2. Le Nouveau Testament :
Les épîtres de Paul se lisent avec plus
d'intérêt et de sens si nous savons quelque chose
de Paul, de sa personnalité, de sa formation et
du but dans lequel il écrivait.
L'épître aux
Romains est, par exemple, la lettre la plus théologique et la plus abstraite de Paul. Aucune
branche de l'Église n'avait encore été établie à
Rome, c'est pourquoi Paul ne connaissait pas les
problèmes particuliers des saints de cette ville
antique. Il pouvait par conséquent écrire plus
systématiquement et dans un but différent.
L'épitre aux Galates illustre l'importance de
connaître le but de l'auteur. Lorsque les saints
et les dirigeants de Jérusalem apprirent que Paul
baptisait des Gentils, les chrétiens palestiniens
s'alarmèrent craignant que ces Gentils n'entrent
dans le troupeau chrétien sans avoir tout d'abord
accepté les rites juifs de purification (voir Actes
15). Quand Paul apprit ceci, il alla à Jérusalem
à grands risques, pour expliquer aux autres
chrétiens pourquoi et comment les Gentils se
qualifient pour être disciples du Christ.
Paul agit avec sagesse, inspiration et bon
sens et apaisa les craintes des Palestiniens. Les
Gentils furent accueillis dans la foi chrétienne,
à condition qu'ils s'abstiennent « des souillures
des idoles, de l'impudicité, des animaux étouffés et du sang » (Actes 15:20) et entrent dans la bergerie
par la foi, la repentance, le baptême et le don du
Saint-Esprit.
L'épitre aux Galates révèle la lutte que Paul
dut soutenir contre les chrétiens qui ne comprenaient pas qu'un homme n'avait pas besoin de devenir
d'abord juif et de pratiquer tous les rites juifs
avant de pouvoir devenir chrétien.
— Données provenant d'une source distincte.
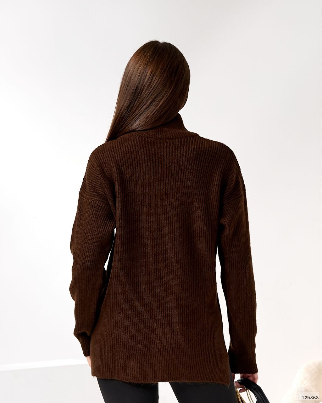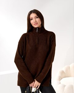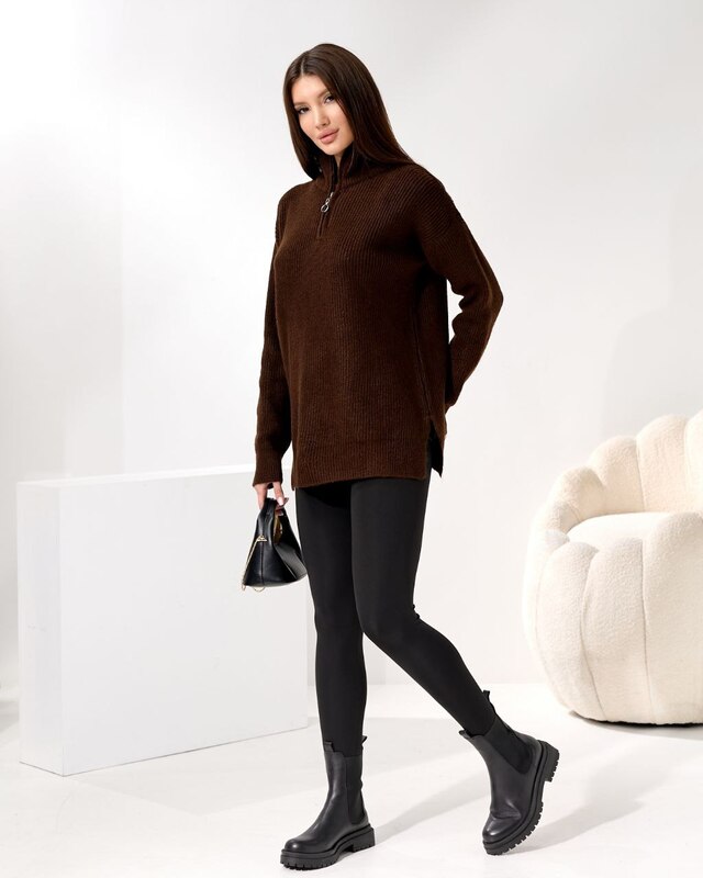 Стильний светр оверсайз. Комір стійка на замочку, по бокам розрізи
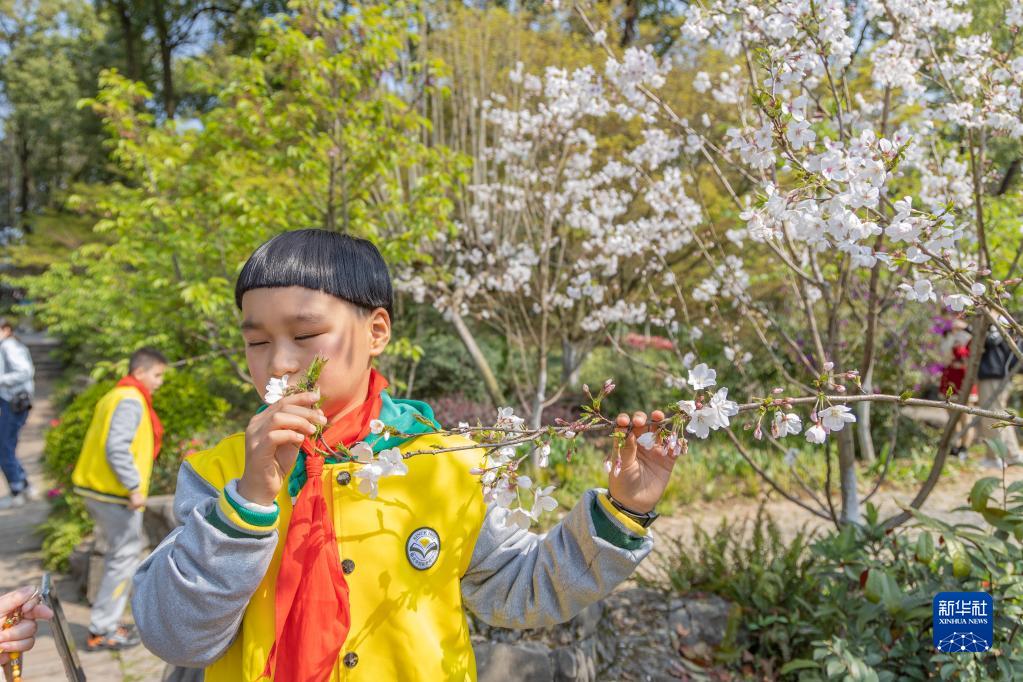3月14日,重慶市特殊教育中心的視力障礙學(xué)生在重慶市南山植物園輕輕觸摸花朵、聞花香。

Le christianisme
embrassait une grande partie de la foi et de la vie
éthique du judaïsme, mais c'était également une
religion nouvelle avec une pierre angulaire nouvelle ;
la foi en Jésus-Christ et le fait de l'accepter par
le baptême et la Sainte-Cène.
Quand on lit les épîtres de Paul, il est
utile de se souvenir qu'il avait été pharisien,
adorateur dévot et ardent de la Torah avant sa
vision et son appel au Christ sur le chemin de
Damas (voir Actes 9).
Dans toutes ses épîtres, surtout
Romains et Galates, il oppose la foi au Christ,
comme fondation de la religion, à l'obéissance à
la lettre de la loi. Il se réjouit extrêmement
de la religion qu'il vient d'acquérir et minimise
presque l'obéissance pour exalter la grâce. Ces
versets tirés des Galates illustrent le contraste
entre l'ancienne et la nouvelle alliance : « Et que nul ne soit justifié devant Dieu par
la loi, cela est évident, puisqu'il est dit : Le
juste vivra par la foi » (Gal. 3:11). « Ainsi la loi a été comme un pédagogue pour
nous conduire à Christ, afin que nous fussions
justifiés par la foi. La foi étant venue, nous ne sommes plus sous
ce pédagogue. Car vous êtes tous fils de Dieu par la foi
en Jésus-Christ ; Vous tous qui avez été baptisés en Christ, vous
avez revêtu Christ. » (Gal. 3:24-27)
En résumé, il peut être intéressant et précieux de lire les Écritures telles qu'elles sont, mais elles signifieront beaucoup plus pour le lecteur s'il connaît quelque chose du cadre de l'auteur, de son but et de la place que revêt le livre qu'il lit dans le canon des Écritures.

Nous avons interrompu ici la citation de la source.